How many lenders fund SBA loans for crushed and broken limestone mining?
55 different SBA-approved lenders have funded loans in this industry. Not all lenders are equally active in every industry — PeerSense matches your deal with lenders who have experience and appetite in the crushed and broken limestone mining sector.
What states have the most SBA lending for crushed and broken limestone mining?
MO leads with 11 SBA loans and $5.1M in total volume for crushed and broken limestone mining businesses. IA, WI, TX also show strong lending activity in this sector.
How does PeerSense help crushed and broken limestone mining businesses get SBA loans?
PeerSense is a capital advisory firm — not a lender.
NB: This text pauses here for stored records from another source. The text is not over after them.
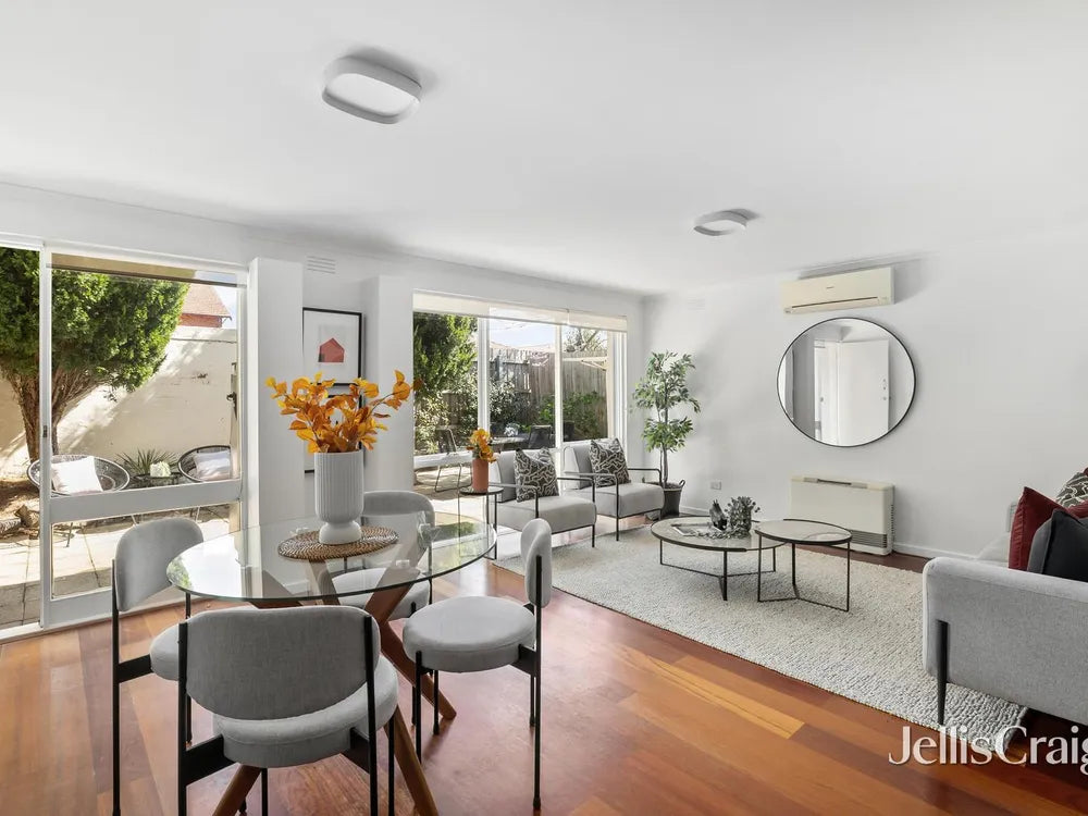 At the rear of a boutique block, this beautifully presented townhouse finds its stride in privacy, light and location. The energy of Carlisle Street is just moments away, yet the leafy courtyard entry creates an instant sense of calm, stepping through to a sun-drenched interior where easy living and relaxed entertaining are at the forefront. Within, timber floors sweep across open-plan living and dining areas, with the well-appointed kitchen at one end and a north-west terrace spilling out at the other. All-day sun fills the space, setting up an easy flow no matter the weather, whilst upstairs, three bedrooms continue the light-filled mood, two with balconies of their own and each fitted with generous built-in robes. The central bathroom is sleek and stylish with a twin vanity, complemented by a ground-floor laundry and second WC. Everyday detail hasn’t been overlooked, with split system heating/cooling, Rinnai gas heating, automated gated entry, intercom and an internal-access remote garage. While the interiors deliver serenity and independence, the location plugs straight into Melbourne living. Cafes, restaurants and wine bars line the street, trams run moments from the door, and Balaclava Station is within walking distance, whilst a little further along, St Kilda’s foreshore brings the bay into play. For first-home buyers or investors, it’s the rare mix of privacy, sunlight and lifestyle that keeps this pocket so tightly held.
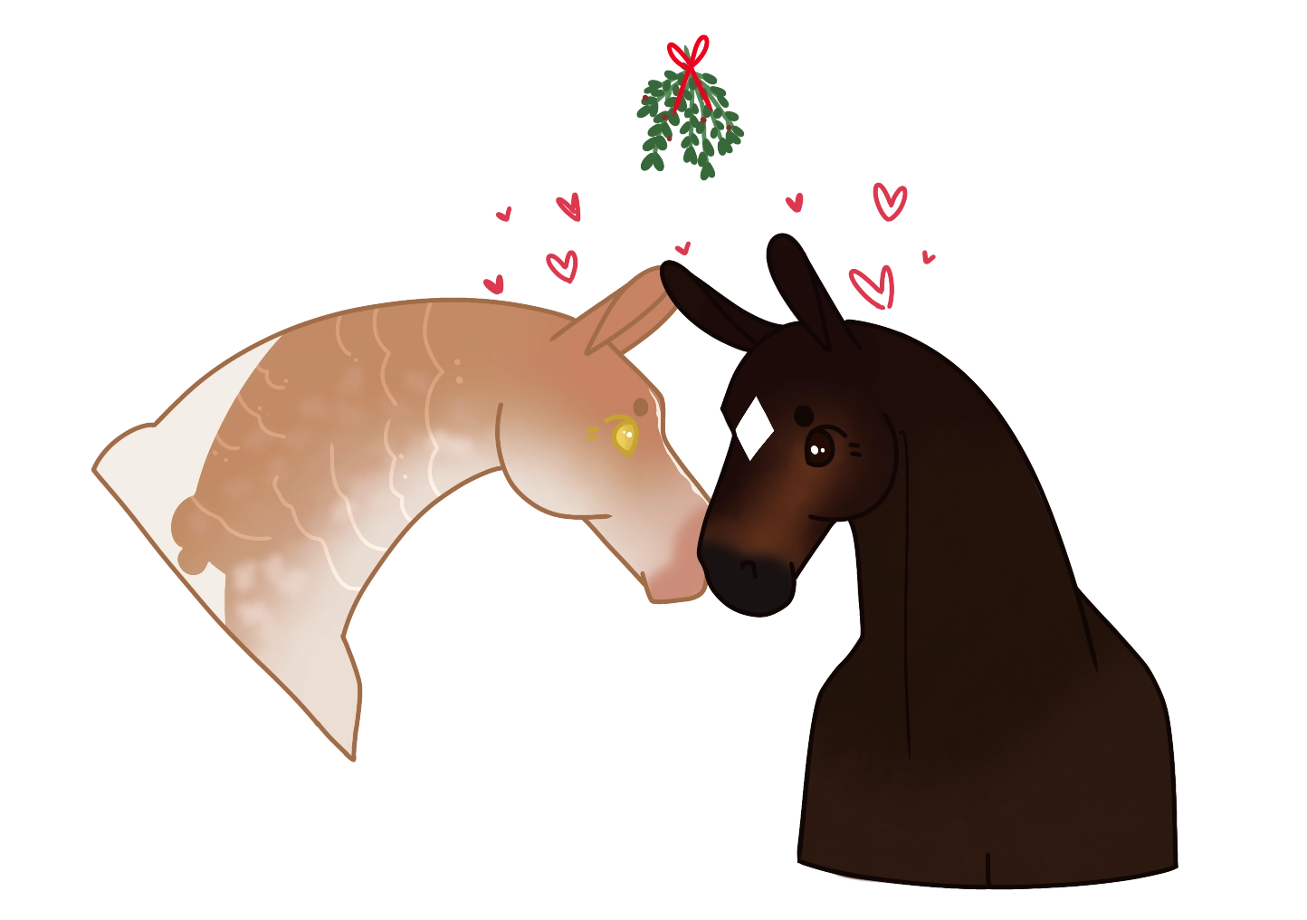 - Draw a pair of horses under the mistletoe
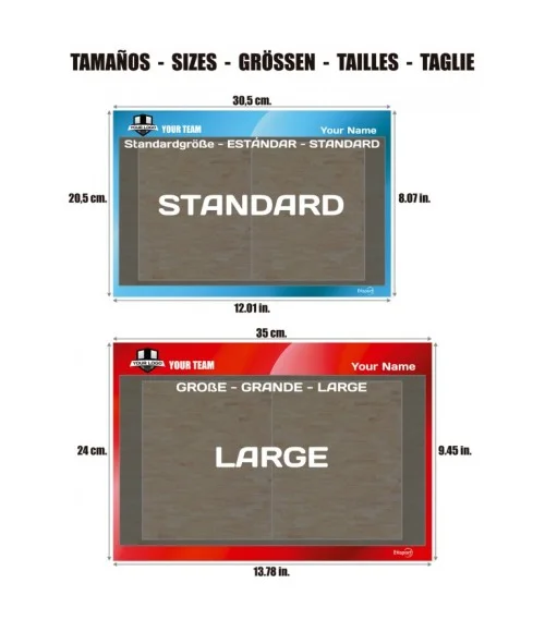 • Doble cara: una cara con plano completo (Large / Standard) y reverso con medio campo o espacio de notas.
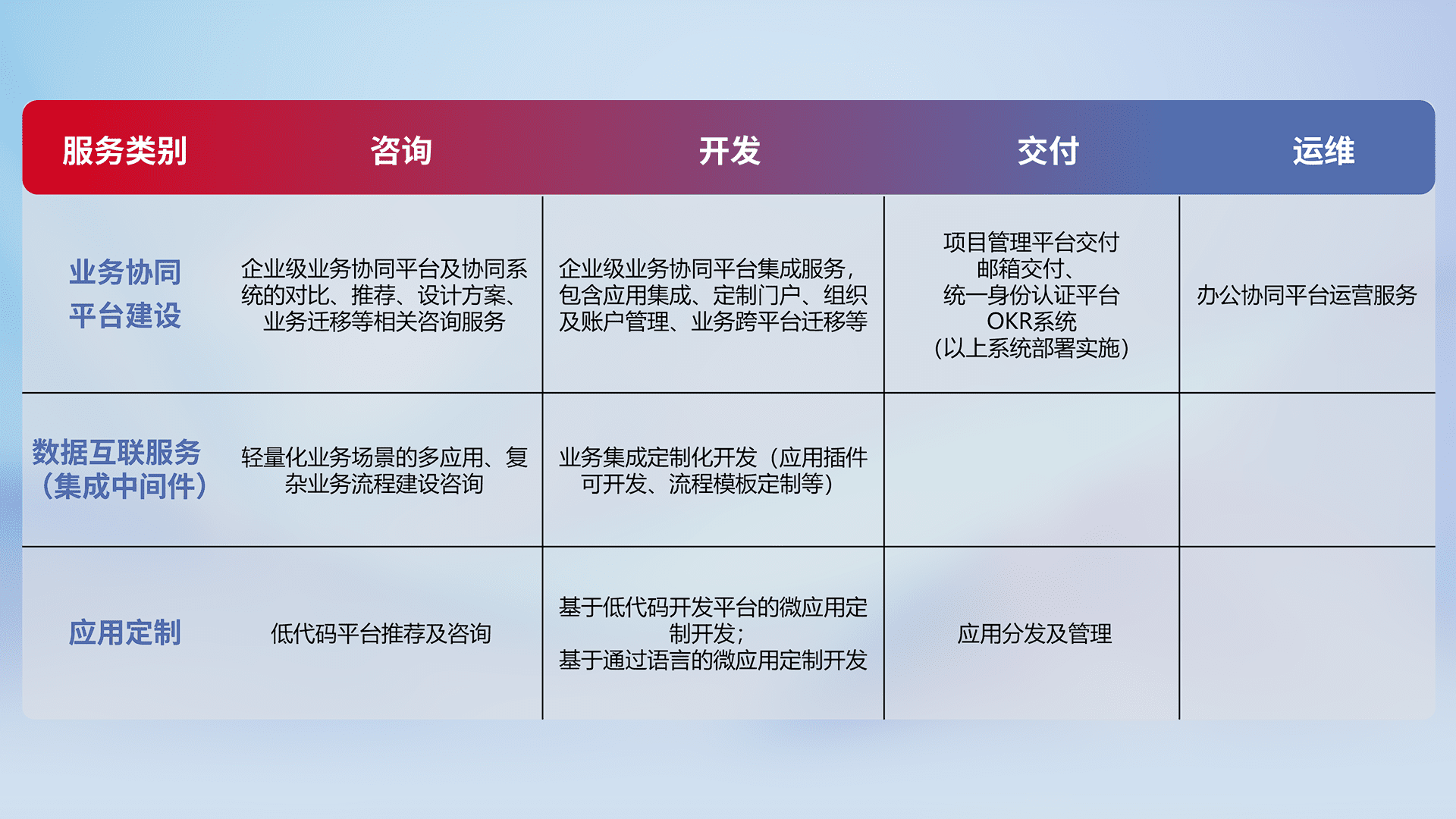 针对钉钉、、、企微、、IDaas等平台级产品提供产品的规划、、、方案、、交付、、定制化开发等服务,,实现如统一协同办公、、、、智能客户服务、、混合会议管理、、、、智能数据查询、、、等业务场景,,实现数字化转型。。。。
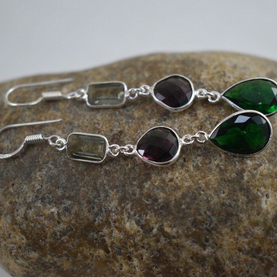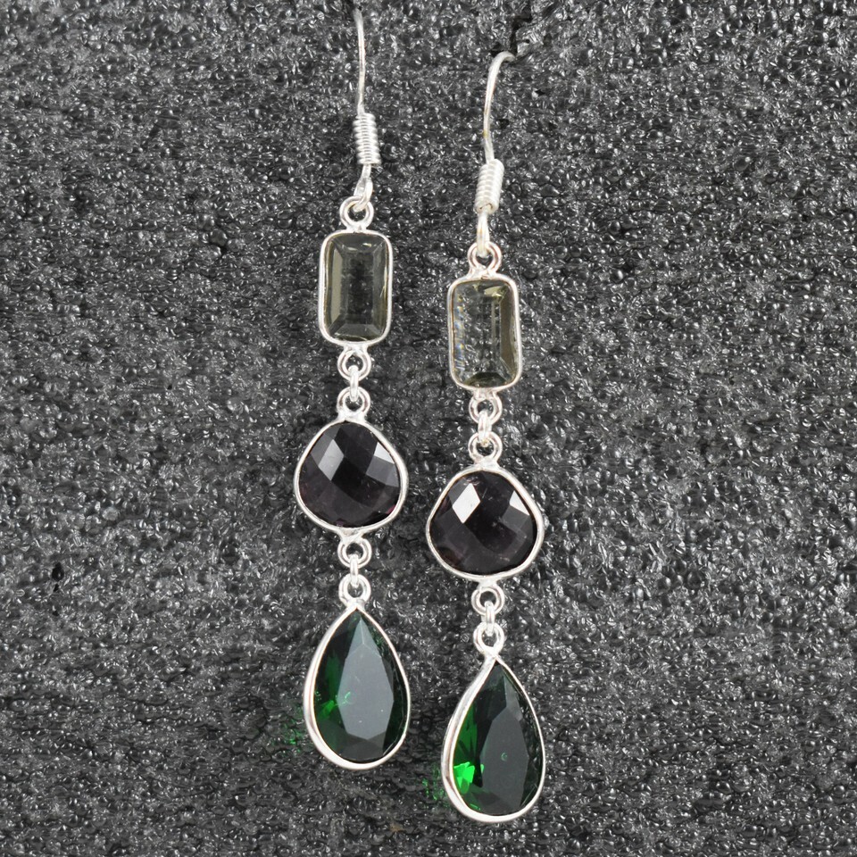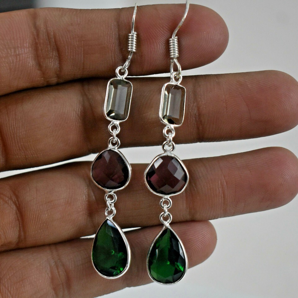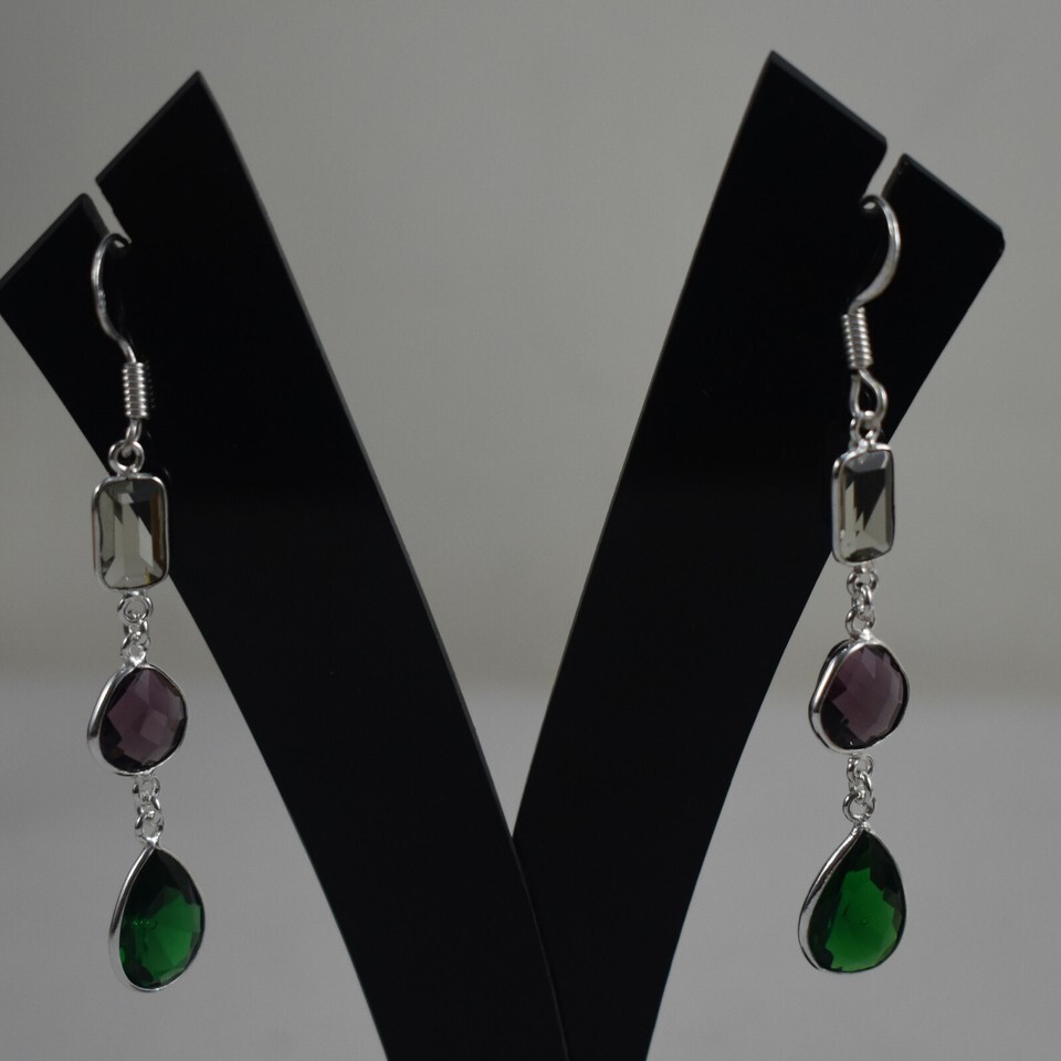 925 Sterling Silver Amethyst & Quartz Gemstone Handmade Earrings HerGift BES1452
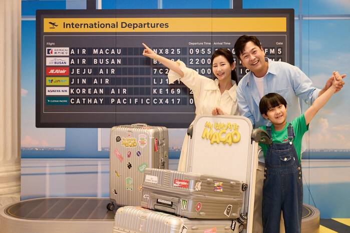 ▲마카오정부관광청은 마카오 여행에 대한 다양한 정보와 이벤트를 제공하는 ‘2024 마카오 위크 로드쇼'를 오는 30일부터 6월 2일까지 신세계 강남 센트럴시티에서 진행한다. 공항 컨셉의 포토존에서 가족들이 출국 포즈를 취하고 있다.
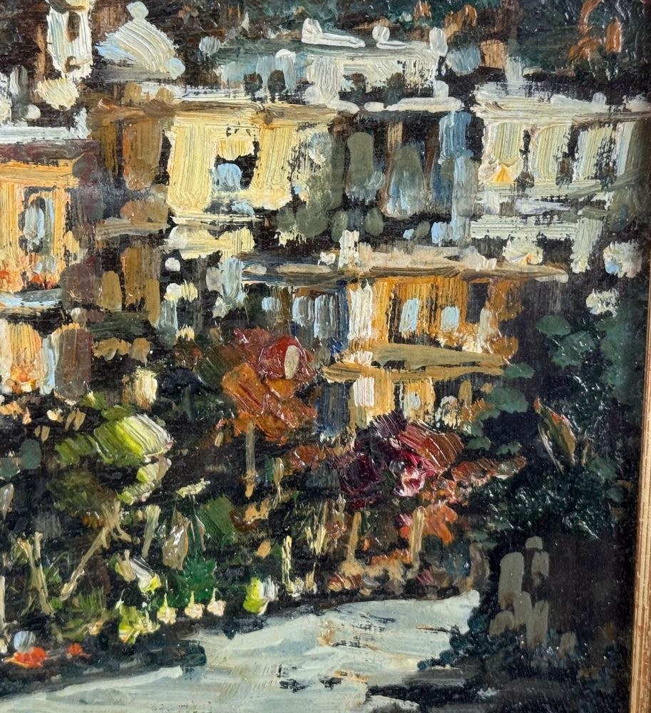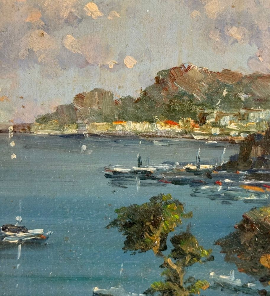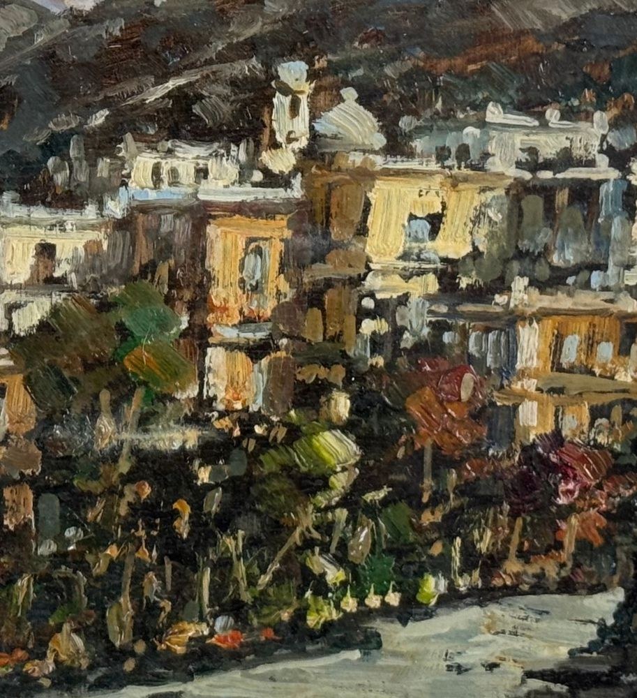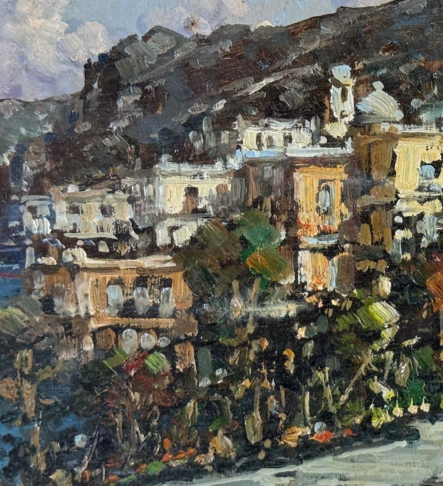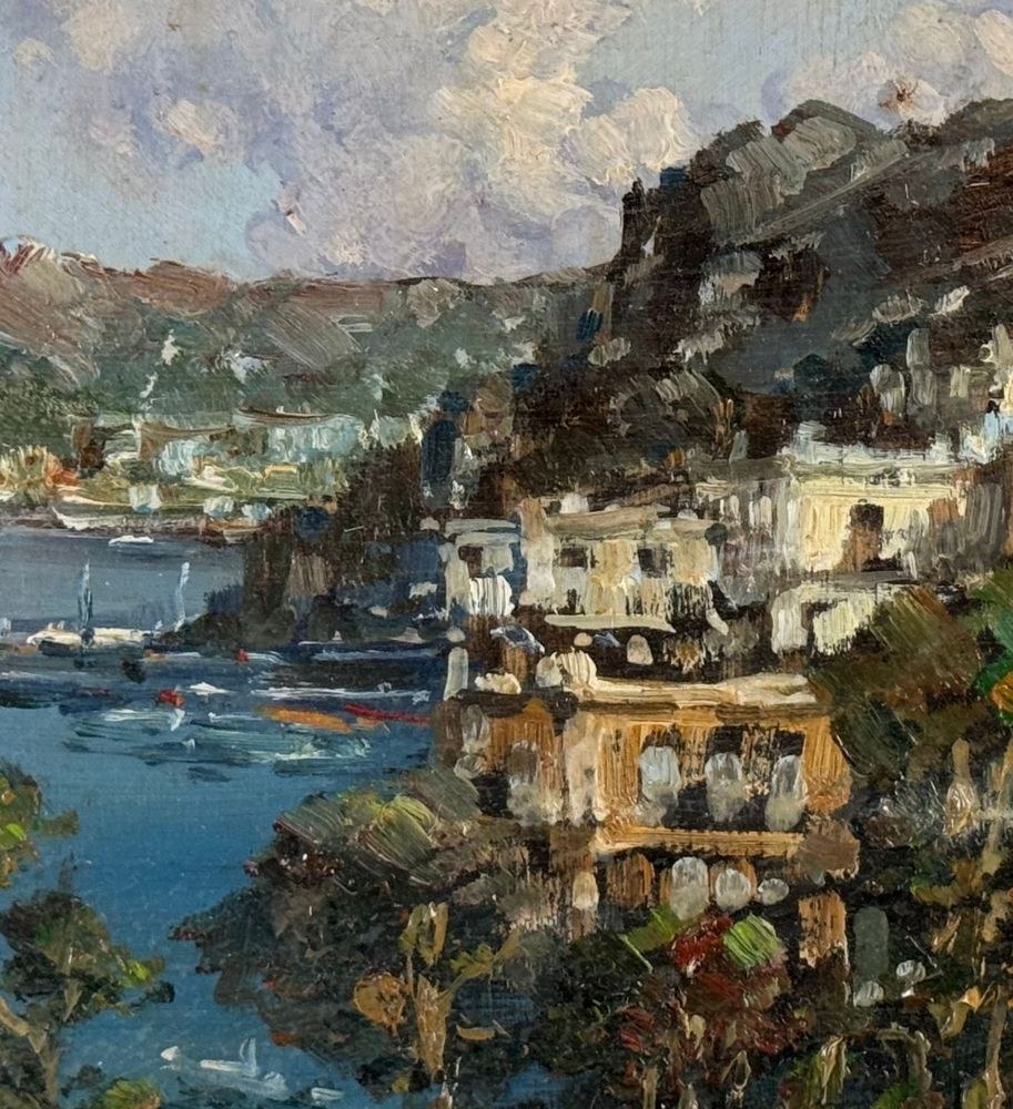 Oil painting on panel, 20th century, Italian school, depicting a coastal landscape. Dimensions including frame: 51x36 cm. Dimensions inside the frame: 16x30 cm. Signed lower left: P. Amato. Artwork in excellent condition.

We analyze your deal (loan amount, down payment, business financials) and match you with SBA-approved lenders experienced in the crushed and broken limestone mining industry. Our referral fee is established upfront in our agreement and paid at closing. No retainers.

Data aggregated from SBA loan records (1992–2025). Crushed and Broken Limestone Mining defined by NAICS code 212312. Not financial advice. PeerSense is a capital advisory firm, not a lender. Consult a lending professional before making financial decisions.